Required from the data below: the exact lines starting at the line containing "The Bertucci A-2T" and ending at the line containing "A ház szíve", with both ends kept and all pictures dropped.

◆ Provided records ◆
•••
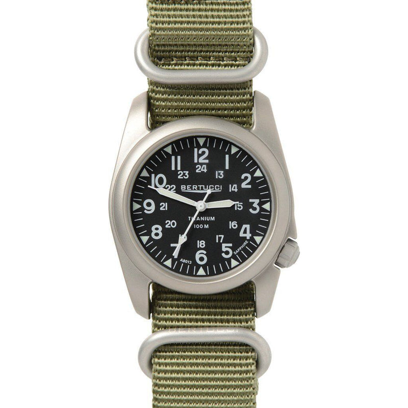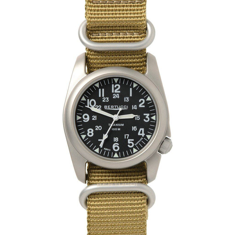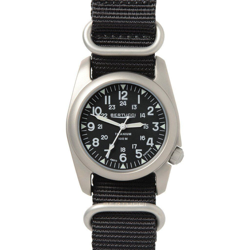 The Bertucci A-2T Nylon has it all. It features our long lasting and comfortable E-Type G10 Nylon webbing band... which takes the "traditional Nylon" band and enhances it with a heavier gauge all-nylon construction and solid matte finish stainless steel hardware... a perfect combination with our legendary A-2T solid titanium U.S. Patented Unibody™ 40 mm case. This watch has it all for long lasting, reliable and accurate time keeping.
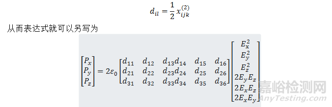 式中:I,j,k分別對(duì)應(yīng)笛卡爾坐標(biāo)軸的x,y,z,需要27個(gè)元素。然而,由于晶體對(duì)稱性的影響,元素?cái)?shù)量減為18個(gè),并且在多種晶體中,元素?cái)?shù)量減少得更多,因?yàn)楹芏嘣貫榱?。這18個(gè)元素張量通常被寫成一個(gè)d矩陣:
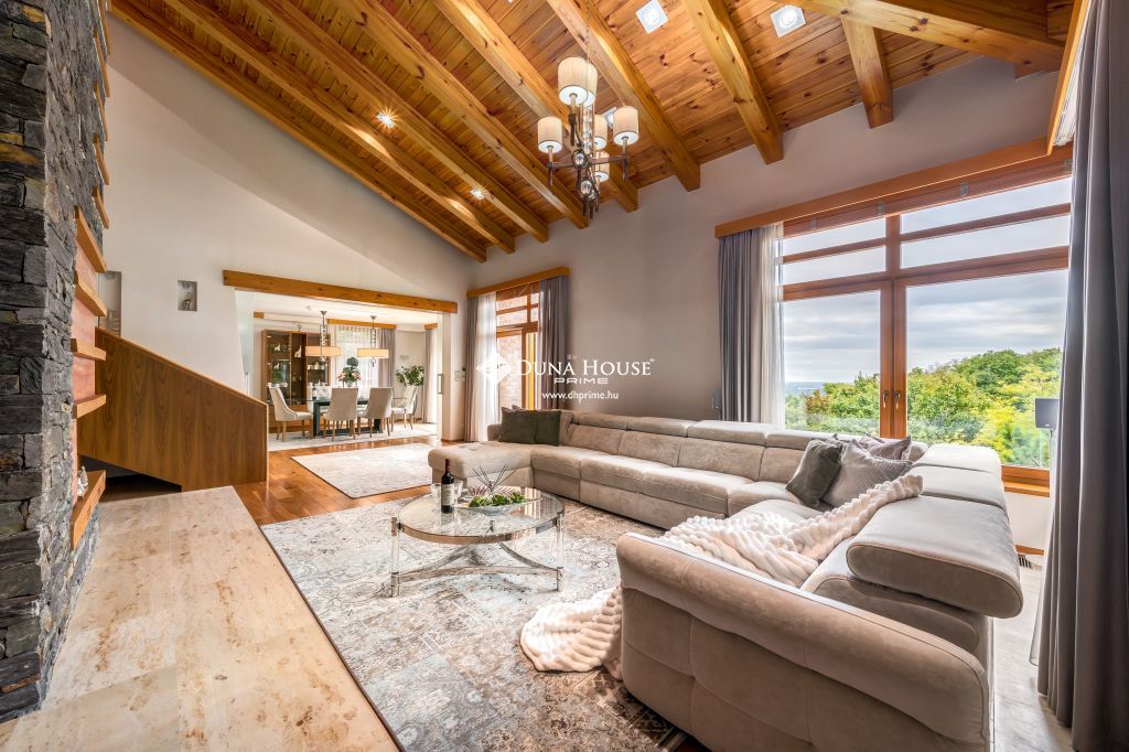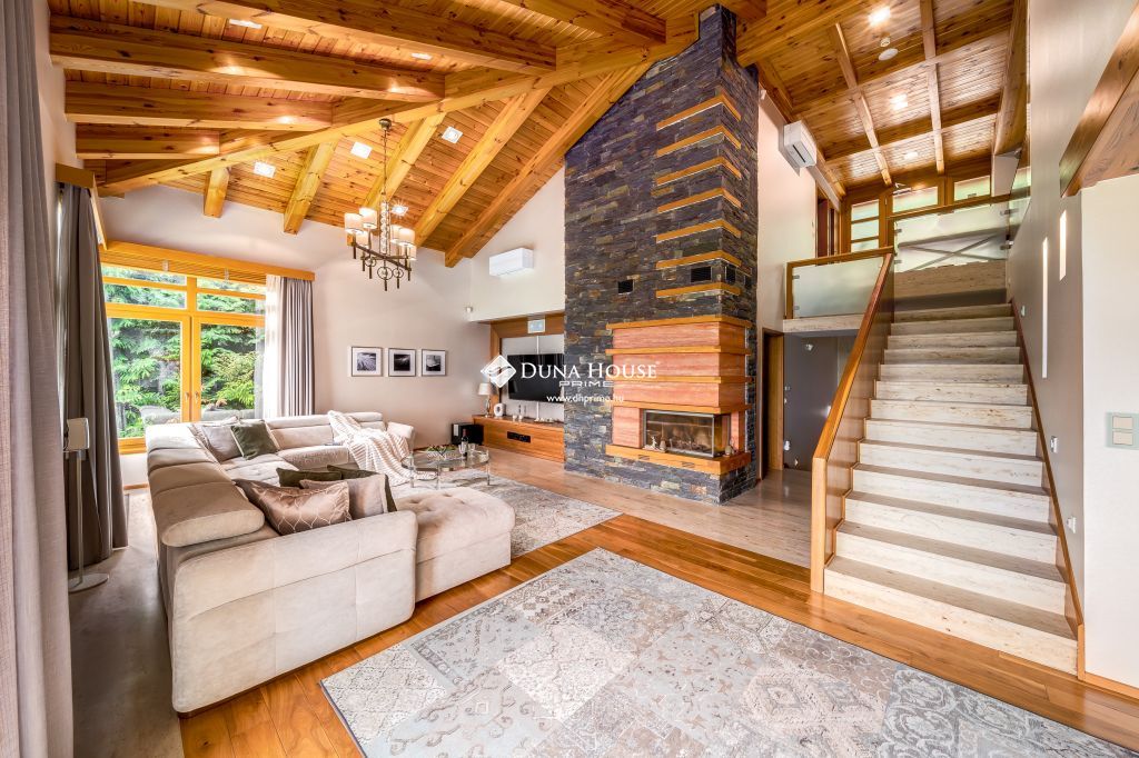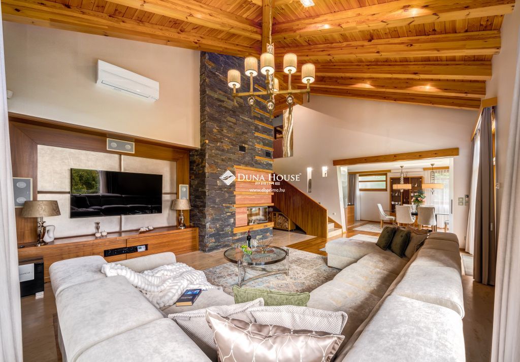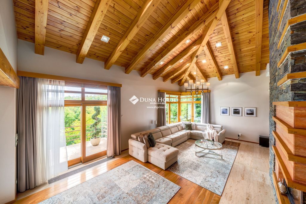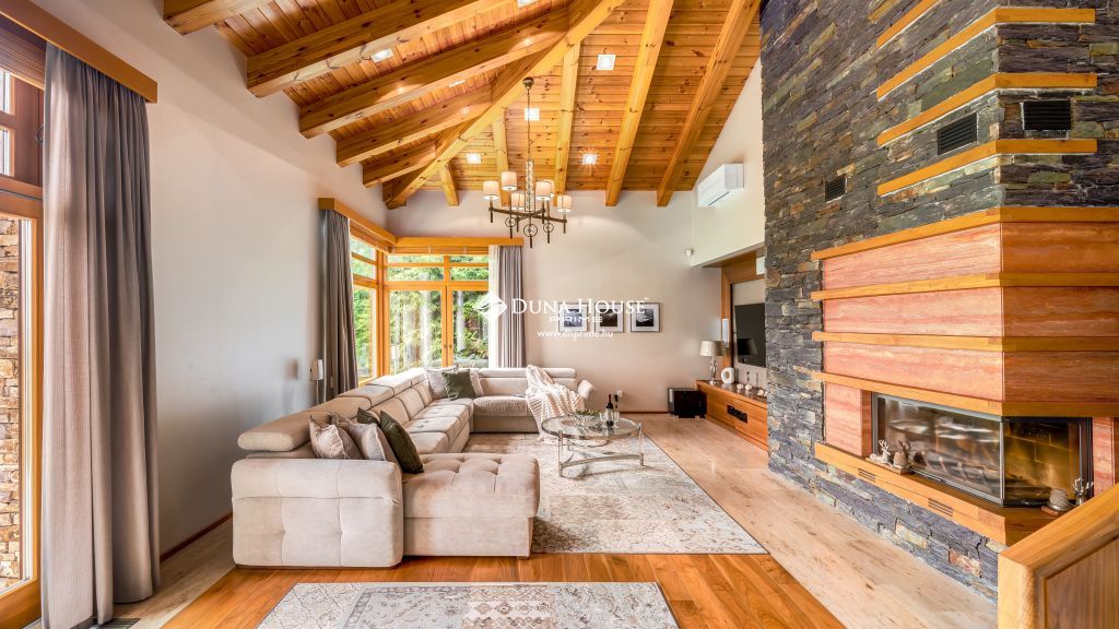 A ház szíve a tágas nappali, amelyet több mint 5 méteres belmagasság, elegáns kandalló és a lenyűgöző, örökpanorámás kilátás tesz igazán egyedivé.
•••
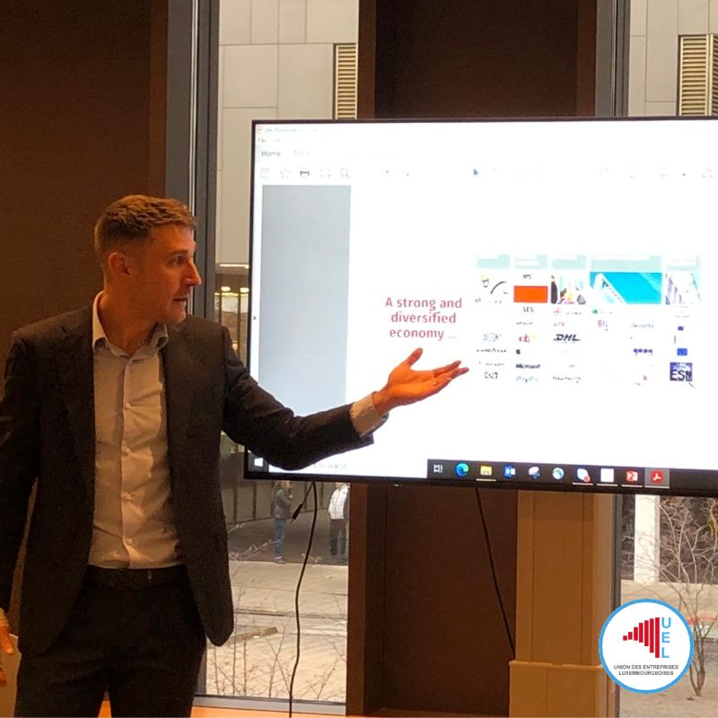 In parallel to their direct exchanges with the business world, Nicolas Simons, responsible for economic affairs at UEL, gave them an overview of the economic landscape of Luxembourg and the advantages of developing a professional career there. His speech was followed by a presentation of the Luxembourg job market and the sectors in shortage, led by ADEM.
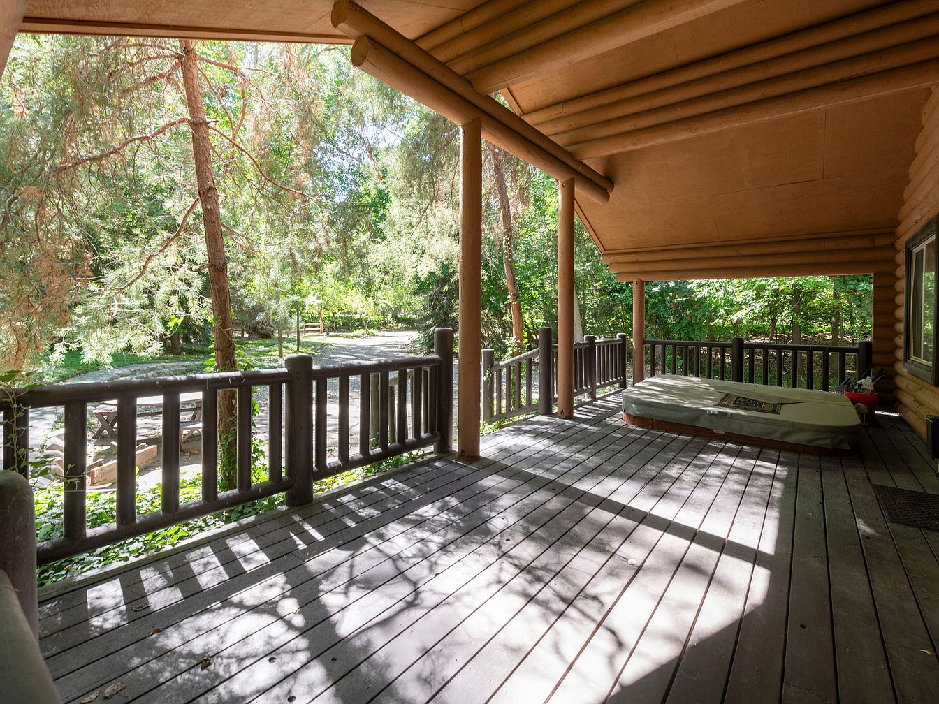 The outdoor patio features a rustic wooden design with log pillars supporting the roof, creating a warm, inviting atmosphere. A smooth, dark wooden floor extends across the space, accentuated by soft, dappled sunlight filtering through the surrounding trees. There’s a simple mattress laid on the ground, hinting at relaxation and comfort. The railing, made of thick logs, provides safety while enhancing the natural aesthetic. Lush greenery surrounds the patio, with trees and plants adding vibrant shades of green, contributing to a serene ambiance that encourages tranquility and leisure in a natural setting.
•••
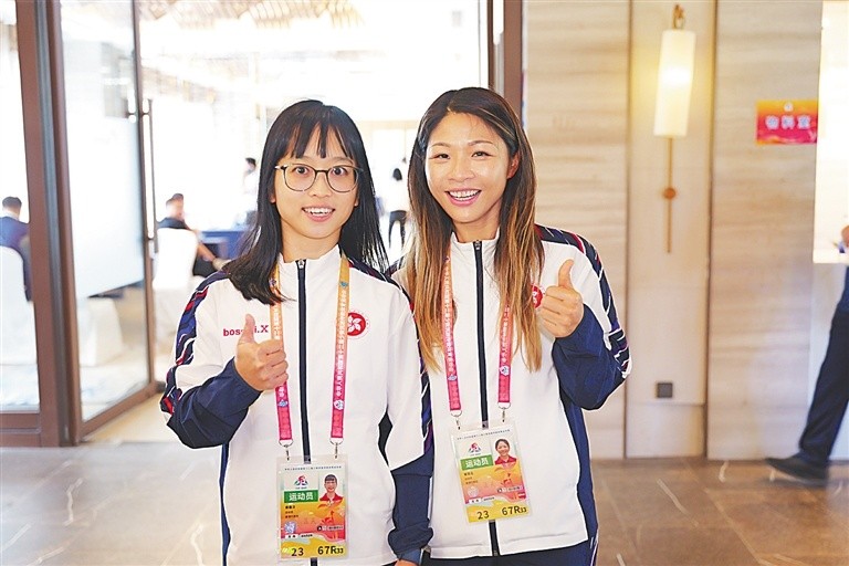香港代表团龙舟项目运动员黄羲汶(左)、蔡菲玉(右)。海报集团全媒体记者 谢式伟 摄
•••
◆ Answer box ◆
 The Bertucci A-2T Nylon has it all. It features our long lasting and comfortable E-Type G10 Nylon webbing band... which takes the "traditional Nylon" band and enhances it with a heavier gauge all-nylon construction and solid matte finish stainless steel hardware... a perfect combination with our legendary A-2T solid titanium U.S. Patented Unibody™ 40 mm case. This watch has it all for long lasting, reliable and accurate time keeping.
 式中:I,j,k分別對(duì)應(yīng)笛卡爾坐標(biāo)軸的x,y,z,需要27個(gè)元素。然而,由于晶體對(duì)稱性的影響,元素?cái)?shù)量減為18個(gè),并且在多種晶體中,元素?cái)?shù)量減少得更多,因?yàn)楹芏嘣貫榱?。這18個(gè)元素張量通常被寫成一個(gè)d矩陣:
 A ház szíve a tágas nappali, amelyet több mint 5 méteres belmagasság, elegáns kandalló és a lenyűgöző, örökpanorámás kilátás tesz igazán egyedivé.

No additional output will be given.